Prostration
Under prostration , and prostration or Prost Erna Transportation (lat. "Prostration") refers to the Roman Catholic , Old Catholic , Anglican and Orthodox liturgy the outstretched self-downing of a person in the sanctuary as a sign of humility , devotion and imploring. In some places it is customary to stretch out the arms horizontally during prostration so that the person lies in a cross shape in front of the altar.
The prostration is the intense form of the bow and squat that involves the whole body.
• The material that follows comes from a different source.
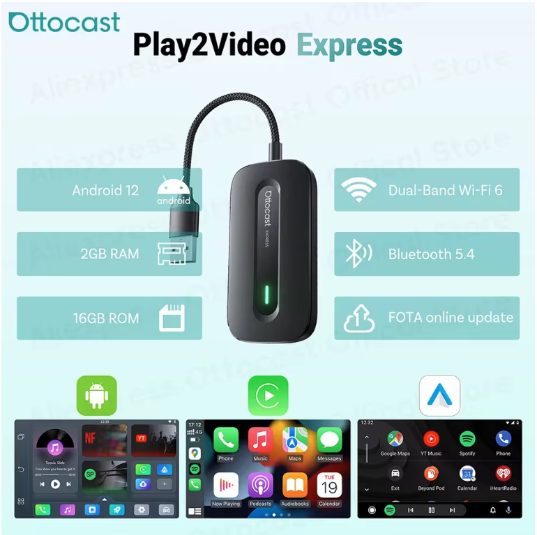 OTTOCAST Play2Video Express Wireless CarPlay Wireless Android Auto Adapter for Youtube Netflix Video Playback Car Accessories

This rite has its model in Judaism ( Ps 95,6 EU ); it is rare in the liturgy today and is therefore particularly impressive.
The prostration occurs:
- on Good Friday at the beginning of the celebration of the suffering and death of Christ . After the entry , priests and deacons prosternate , the other believers kneel in memory of the suffering and death of Jesus .
- In ordination liturgies ( bishops , priests and deacons ordinations ): The candidates prostrate themselves in front of the altar before their ordination to the singing of the All Saints' litany.
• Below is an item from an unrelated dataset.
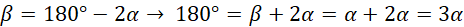 Kąt beta jest również kątem dopełniającym do 180° względem kąta 2 alfa:

- in the same way with solemn profession and with the consecration of a virgin . The professed or candidates prosternate themselves to the song of the All Saints' Litany.
The corresponding prostration in the Orthodox tradition is called metany .
The prostration was also a central element of the medieval ritual of rule of the deditio , a symbolic submission of the lower ranked person to a higher ranked person in the end of conflicts by foot or knee fall .
It is also known as a rite among the Bahá'ís after the compulsory prayer, as prescribed in the Kitáb-I-Aqdas .
See also
literature
- Gerd Althoff : The privilege of the 'Deditio'. Forms of amicable ending of conflict in medieval aristocratic society. In: Otto G. Oexle (Ed.): Nobilitas. Function and representation of the nobility in ancient Europe (= publications of the Max Planck Institute for History 133). Göttingen 1997, ISBN 3-525-35448-7 , pp. 27-52.
Individual evidence
- ↑ Rupert Berger et al. a .: Shape of the service. Linguistic and non-linguistic forms of expression. Verlag Friedrich Pustet, Regensburg 1987, ISBN 3-7917-1045-1 ( Church service. Handbook of liturgical science, part 3).